** Opening DATA block **

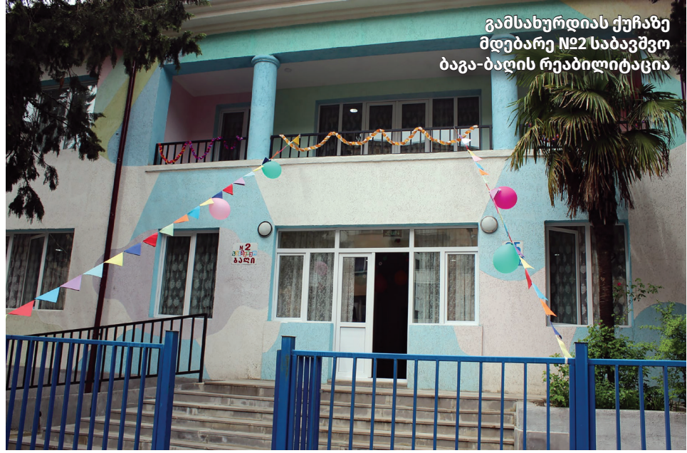
გამსახურდის ქუჩაზე მდებარე №22 საბავშვო ბაგა-ბაღის რეაბილიტაცია

განათლების სისტემის განვითარება „ქართული ოცნების“ ერთ-ერთი უმნიშვნელოვანესი პრიორიტეტი. 2012 წლის შემდეგ, საქართველოში განხორციელდა ფუნდამენტური სისტემური ცვლილებები მაღალი ხარისხის განათლების ხელმისაწვდომობის უზრუნველსაყოფად. მათ შორის, შეიქმნა განათლების სისტემის ფინანსური მდგრადობის უზრუნველყოფი საკანონმდებლო გარანტიები, დაიხვეწა ადრეული და სკოლამდელი აღზრდისა და განათლების სისტემის მარკეტული რეაბილიტაცია, დადგინდა და დაინერგა ძირითადი სტანდარტები.
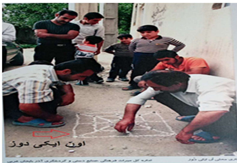
تصویر ۵. بازی اون ایکی دوز، موزه مردم شناسی، ارومیه، تابستان.

قوانین بازی مانند اوچ دوز (سه بچین) بوده با این تفاوت که تعداد مهره ها، نقاط، خطوط و تقاطع صفحه‌ا میدان بازی بیشتر است و مکانی در وسط شکل وجود دارد که مهره های حریف را پس از خارج کردن از مسیر بازی، در آنجا می گذارند. در این بازی طرفین به نوبت مهره های ۳ یا ۱۱ تایی خود را بر روی صفحه و در تقاطع خطوط گذاشته و می کوشند تا سه تا سه تا مهره های خود را در یک ردیف بچینند و در عین حال از پیش آمدن این حالت برای حریف نیز جلوگیری کنند. اگر یکی از بازیکنان موفق به اینکار شود، یکی از مهره های حریف را به دلخواه و با این قصد که مانع ردیف شدن سه تایی مهره های اوست، برمی دارد و کنار می گذارد. زمانی که مهره ها چیده شد و هیچکدام موفق به چیدن سه مهره در یک ردیف نبود، بازی وارد مرحله دوم می شود. در این مرحله هریک از بازیکنان مهره های خود را یک خانه می تواند جابجا کنند. از نظر تقسیم جنسی و سنی هر دو گروه مرد و زن، دختر و پسر می توانند این بازی را انجام دهند، اما در کل این بازی مختص مردان جوان و میانسال و کهنسال بوده و در بیرون از خانه انجام می شود.
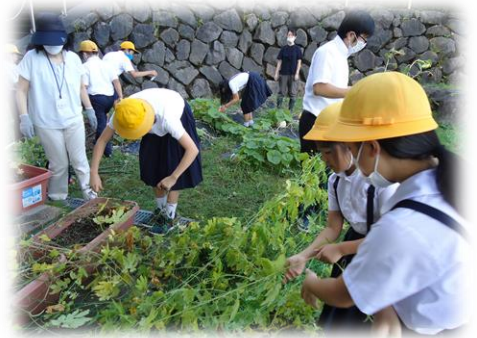
【つるがたくさん巻き付いている！】

一つ一つのことに立ち止まり、みんなが納得のいく方法を相談し、解決していこうとする子供たちの姿を嬉しく思いました。また、子供たちで解決することを信じて辛抱強く待つことの大切さも教えられた思いがしました。
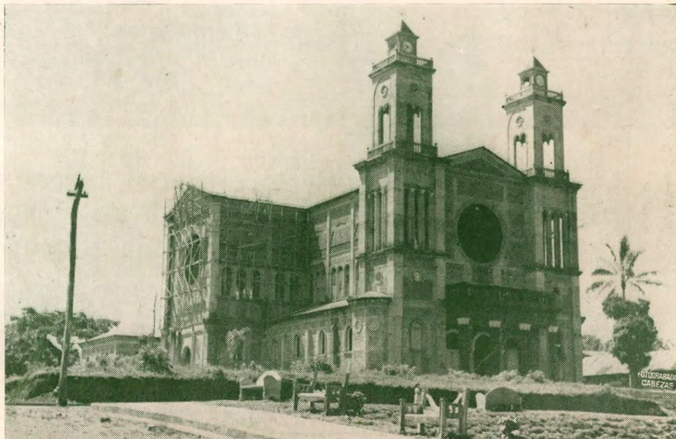
Iglesia de Santiago de Puriscal - Una de las más bonitas del país
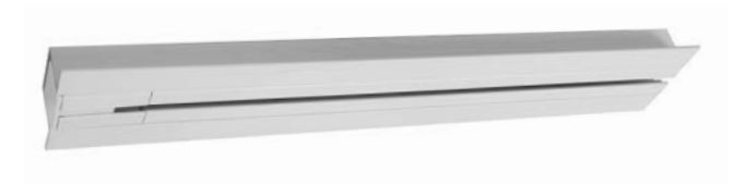
Umlenkung Glydea „Mini“ für eine ansprechende Lösung bei einteiligen Vorhängen
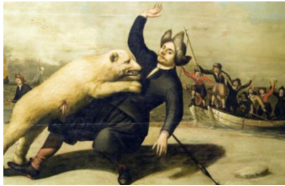
Walvisjagers op Spitsbergen
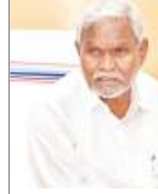
समीक्षा बैठक में अफसरों को निर्देश देते सीएम चंपाई सोरेन।

किसानों का दो लाख रुपये तक का ऋण माफ किया जाएगा
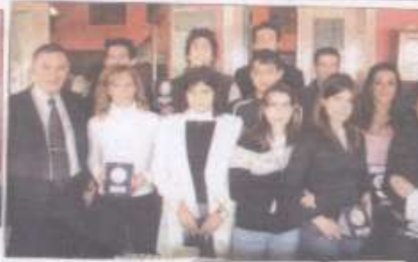
Οι αθλήτριες και άσπαστρον με το χρυσό μετάλλιο του Ομίλου Στίβου Αλιβερίου.

ΒΑΡΕΘΗΚΑΝ Ν' ΑΚΟΥΝΕ ΥΠΟΣΧΕΣΕΙΣ ΣΤΟ ΑΛΙΒΕΡΙ
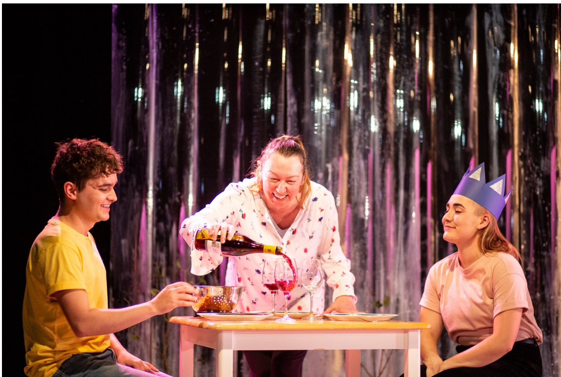
Collectif des Sœurs Amar, L'usine . Photo de Nikki ne mourra pas , Premier Acte, 2019
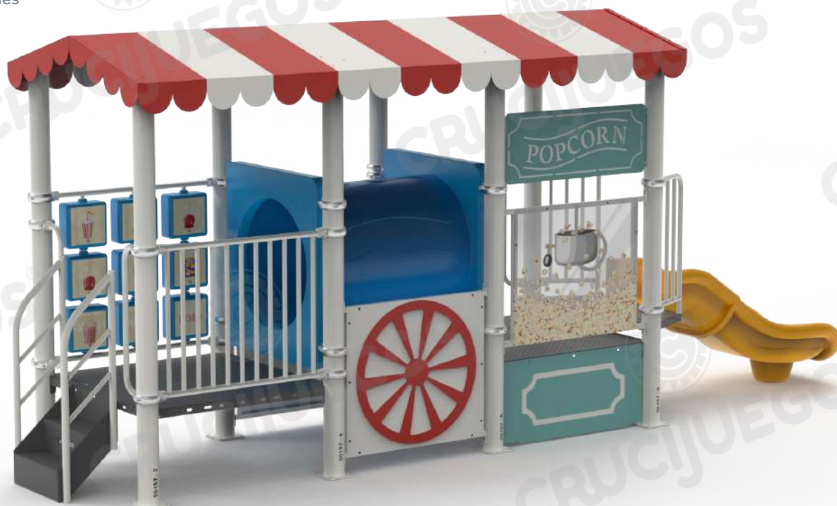
Imagen referencial. Para más información ingrese a www.insumos.crucijuegos.com

** Closing DATA block **

WORK ORDER
Beginning with the line that includes "Iglesia de Santiago" and ending with the last line of the material, reproduce those lines exactly and nothing else, with no pictures.

COMPLETED EXERCISE
Iglesia de Santiago de Puriscal - Una de las más bonitas del país
Umlenkung Glydea „Mini“ für eine ansprechende Lösung bei einteiligen Vorhängen
Walvisjagers op Spitsbergen
समीक्षा बैठक में अफसरों को निर्देश देते सीएम चंपाई सोरेन।

किसानों का दो लाख रुपये तक का ऋण माफ किया जाएगा
Οι αθλήτριες και άσπαστρον με το χρυσό μετάλλιο του Ομίλου Στίβου Αλιβερίου.

ΒΑΡΕΘΗΚΑΝ Ν' ΑΚΟΥΝΕ ΥΠΟΣΧΕΣΕΙΣ ΣΤΟ ΑΛΙΒΕΡΙ
Collectif des Sœurs Amar, L'usine . Photo de Nikki ne mourra pas , Premier Acte, 2019
Imagen referencial. Para más información ingrese a www.insumos.crucijuegos.com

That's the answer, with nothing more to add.